**DIRECTIONS FOR THIS TASK**
Take the entries below and reproduce exactly the portion that begins at the line containing "В человеческой практике" and ends at the line containing "تعديل غير مصرح", keeping both ends, dropping pictures, and adding nothing else.

**ENTRIES PROVIDED**
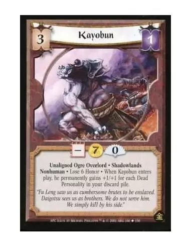 Unaligned Ogre Overlord. Shadowlands. Nonhuman Lose 6 Honor. When Kayobun enters play, he permanently gains +1/+1 for each Dead Personality in your discard pile.
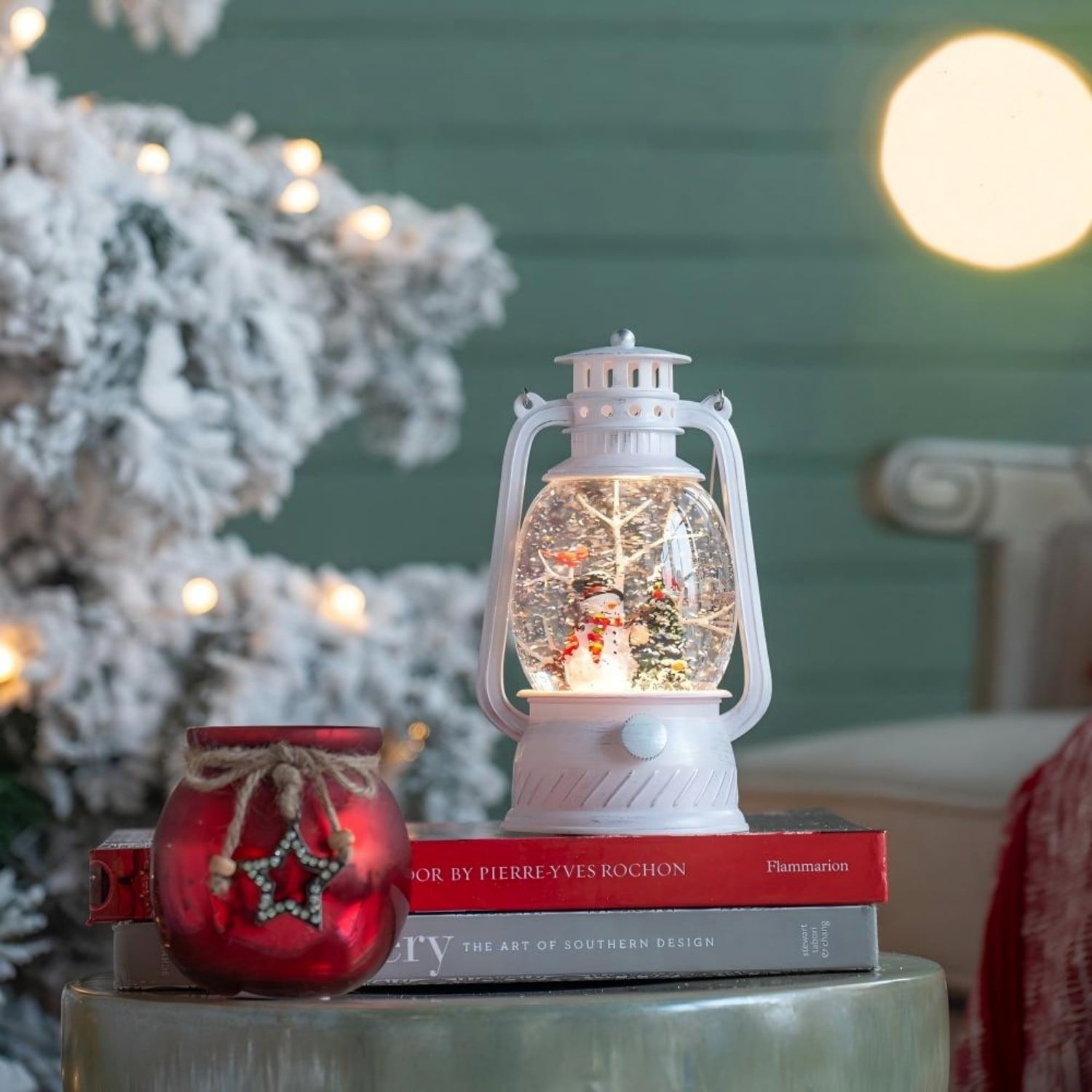 4.7x4.7x8.3"H Christmas Plastic Resin White Lantern with Snowman and Tree Led
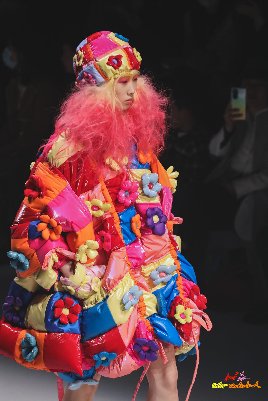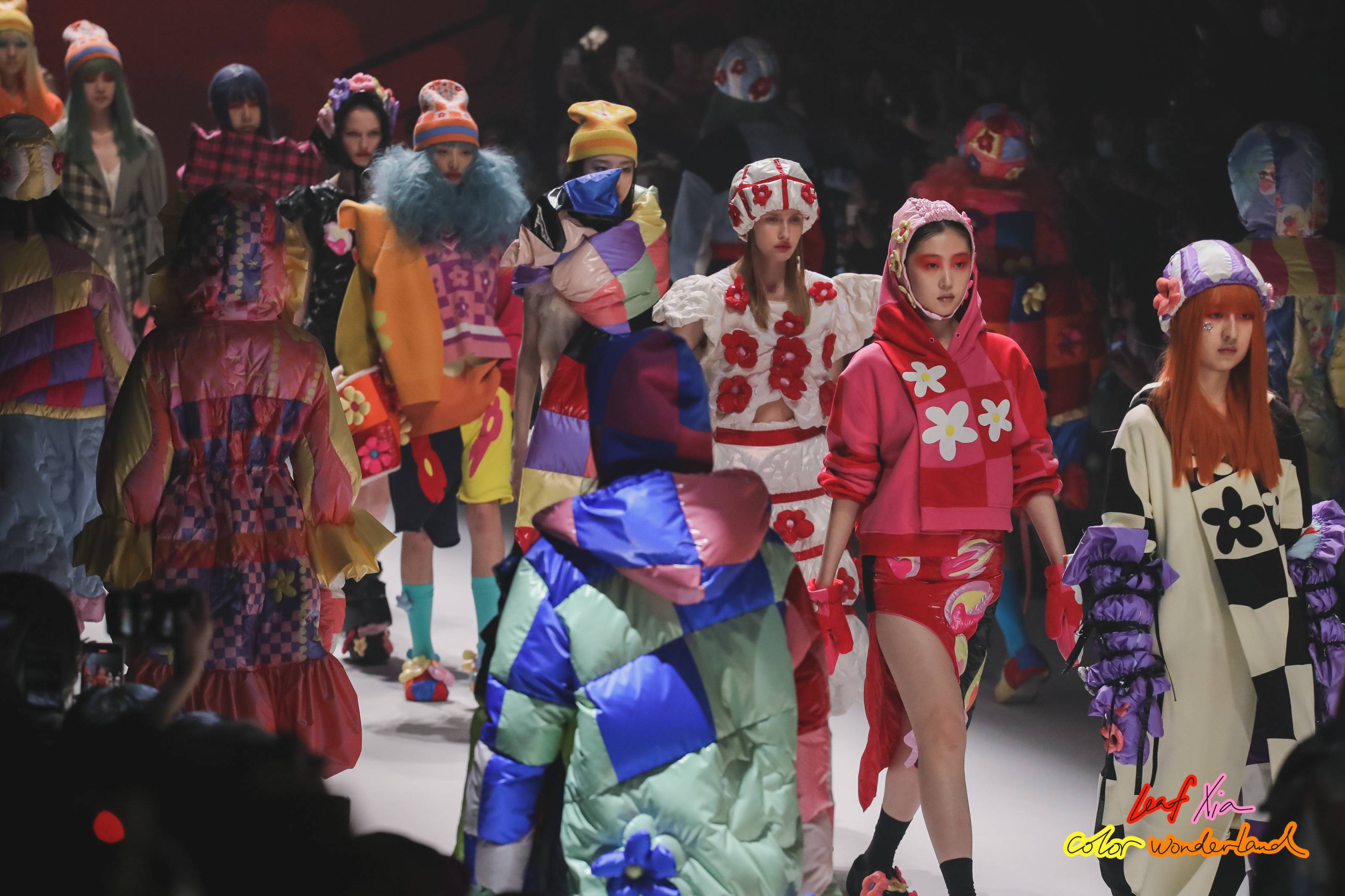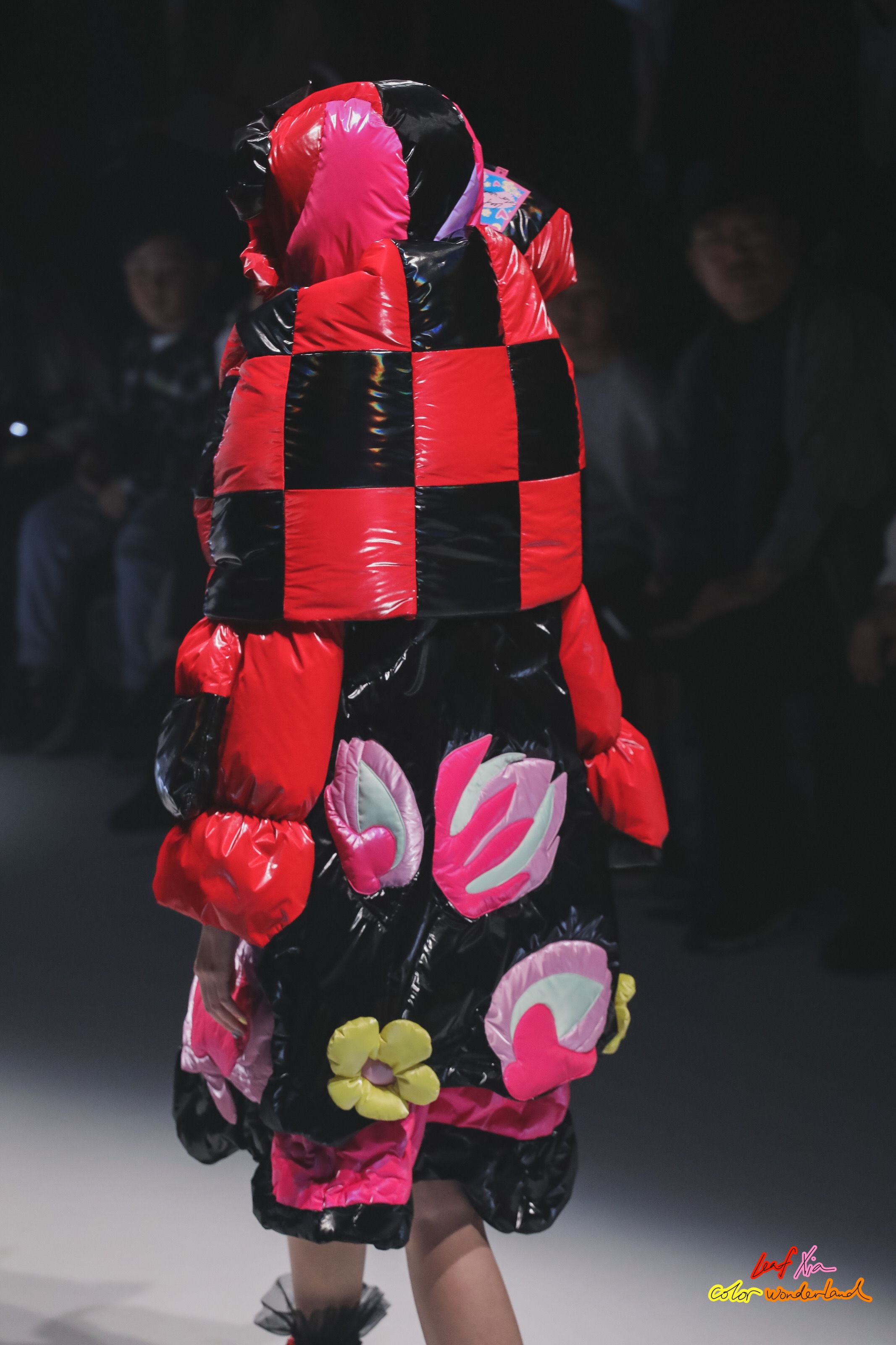 秀场直击本季主要专注在羽绒设计、毛绒、卫衣等冬季创意的可能性,元素拼接,纯色棋盘撞色,手工的编织,面料肌理再造呈现的裂纹等工艺倾述了这一季的浪漫,秀上的包包,帽子,手套,鞋子,发饰等一切都改造于本季的废弃面料,融入可持续发展的设计理念。印花、规则与不规则的图形被设计师肆意点缀在流动的羽绒行线上,尝试打破面料结构,与社会规则的束缚,来构建一个趣味浪漫而具有流动空间感的世界,赋予这一季更多意料之外的可能性和实用价值。设计师Leaf尝试通过复杂编织布料呈现出“动”态的浪漫与反抗的力量,绚烂的色彩包裹在充满空气感的立体印花上,企图打破冬装的固定规则,强调服装层次感之余,更凸显自由与束缚、浪漫与规则的冲突感。以立体缤纷的花朵绽放在极具色彩冲击力的光泽感面料上,是对规则化社会的浪漫反抗,本质上,完美阐释了Leaf在探索女性当下的身份认同时,从童话世界中汲取了浪漫主义精神,是一种关注女性内心的创作本心,从而完成对这个审美单一、价值趋同的现实世界的缜密思考。拼接技术被Leaf运用到了极致,采用不同颜色的涤纶面料拼凑,光感的、幻彩的,波光粼粼,像是阳光下爱丽丝梦游仙境的湖水,不同质感的色块对接,穿在女孩儿身上都化成了不设限的质感。抽象的廓形上,结合抽绳的设计,打破了冬季的单一,拥有了更多的穿衣自由,赋予了童话般的趣味性,充盈的太阳花在衣服上自由的摇曳着,每个花朵都有自己灿烈的生命,它们都有自己生命的色彩,不受规则的束缚,只是自然随性地生长着而已。富有层次感的面料结构也在本季玩出了新花样,面料上叠加彩色的编织,抓住了这季的浪漫与不规则之美。设计师的标志性印花和褶皱,在本季演化出了更有想象性的空间感,采用编织的特殊手法,将充绒的面料编织成长条,色彩的强烈碰撞,打破生活的一成不变,编织着色彩的童话。不禁让人想到刘易斯·卡罗尔童话中的爱丽丝,不甘于受到世俗教条的安排,纵身一跃的童话世界为爱丽丝保留了自己的梦境。
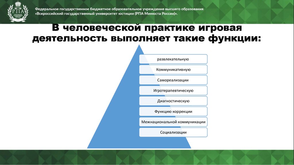 В человеческой практике игроваядеятельность выполняет такие функции:
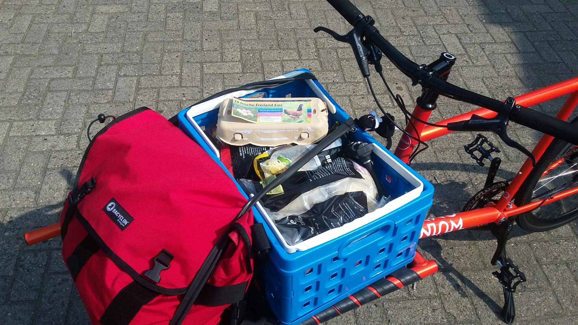 Fazit: tolles Rad! Das Fahren an sich hat soviel Laune gemacht, dass die Transportmöglichkeit ein angenehmer Nebeneffekt ist. Bock auf Bike! Dazu kommt der kommunikative Aspekt, ich fiel mit dem für den ländlichen Bereich ungewöhnlichen Gefährt auf und wurde oft angesprochen. Als Radfahrende kommt man wesentlich leichter in Kontakt mit anderen Menschen als Autofahrende in ihren Einzelzellen.
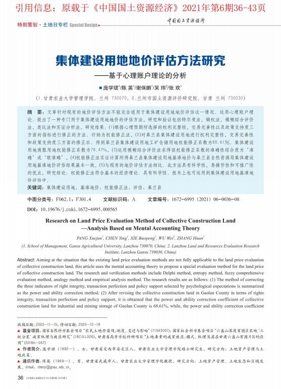 摘要:上海评估公司,整体资产评估公司,资产评估机构针对现有的土地评估,房地产评估方法不能完全适用于集体建设用地地价评估这一况,运用心理账户理论,提出了一种专门用于集体建设用地地价的评估方法。研究和验证包括特尔斐法、嫡权法、模糊综合评价法、类比法和实证分析法。研究结果:(1)根据心理预期所选择的权利完整性、交易完善性以及政策支持度三方面的指标进行修正的方法,归纳为权能修正法。(2)对皋兰县集体建设用地进行权利完整性、交易完善性和政策支持度三方面的修正后,得到皋兰县集体建设用地工矿仓储用地权能修正系数为68.61%,集体建设用地商服用地权能修正系数为78.47%。(3)运用模糊综合评价法求得该权能修正系数的准确性综合度为“准确”或“较准确”。(4)权能修正法实证计算所得皋兰县集体建设用地基准地价与皋兰县自然资源局集体建设用地基准地价评估结果基本—致。(5)与现有的地价评估方法相比,此方法具有科学性、易操作性和推广性的优点。研究结论:权能修正法符合基本的经济理论,具有科学性,技术上也可运用到集体建设用地基准地价评估中    |
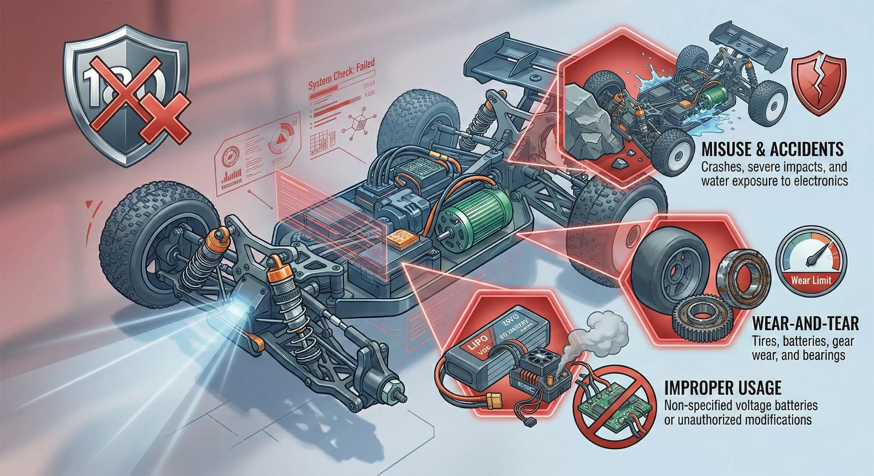 تعديل غير مصرح به:الضرر الناجم عن أجزاء ما بعد البيع غير المتوافقة أو التعديلات الكهربائية/الهيكلية ذاتية الصنع.
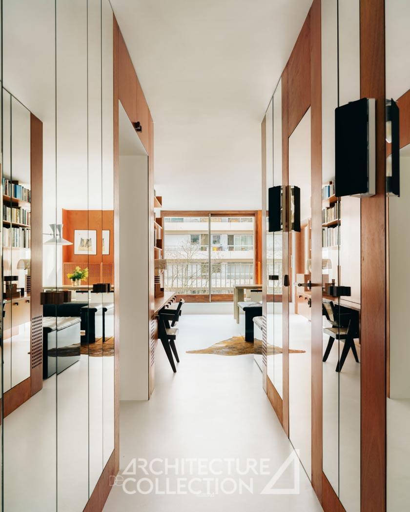 L’appartement bénéficie aussi de nombreux rangements, subtilement intégrés dans différentes pièces de mobilier encastrées.

**RESPONSE TO THE EXERCISE**
 В человеческой практике игроваядеятельность выполняет такие функции:
 Fazit: tolles Rad! Das Fahren an sich hat soviel Laune gemacht, dass die Transportmöglichkeit ein angenehmer Nebeneffekt ist. Bock auf Bike! Dazu kommt der kommunikative Aspekt, ich fiel mit dem für den ländlichen Bereich ungewöhnlichen Gefährt auf und wurde oft angesprochen. Als Radfahrende kommt man wesentlich leichter in Kontakt mit anderen Menschen als Autofahrende in ihren Einzelzellen.
 摘要:上海评估公司,整体资产评估公司,资产评估机构针对现有的土地评估,房地产评估方法不能完全适用于集体建设用地地价评估这一况,运用心理账户理论,提出了一种专门用于集体建设用地地价的评估方法。研究和验证包括特尔斐法、嫡权法、模糊综合评价法、类比法和实证分析法。研究结果:(1)根据心理预期所选择的权利完整性、交易完善性以及政策支持度三方面的指标进行修正的方法,归纳为权能修正法。(2)对皋兰县集体建设用地进行权利完整性、交易完善性和政策支持度三方面的修正后,得到皋兰县集体建设用地工矿仓储用地权能修正系数为68.61%,集体建设用地商服用地权能修正系数为78.47%。(3)运用模糊综合评价法求得该权能修正系数的准确性综合度为“准确”或“较准确”。(4)权能修正法实证计算所得皋兰县集体建设用地基准地价与皋兰县自然资源局集体建设用地基准地价评估结果基本—致。(5)与现有的地价评估方法相比,此方法具有科学性、易操作性和推广性的优点。研究结论:权能修正法符合基本的经济理论,具有科学性,技术上也可运用到集体建设用地基准地价评估中    |
 تعديل غير مصرح به:الضرر الناجم عن أجزاء ما بعد البيع غير المتوافقة أو التعديلات الكهربائية/الهيكلية ذاتية الصنع.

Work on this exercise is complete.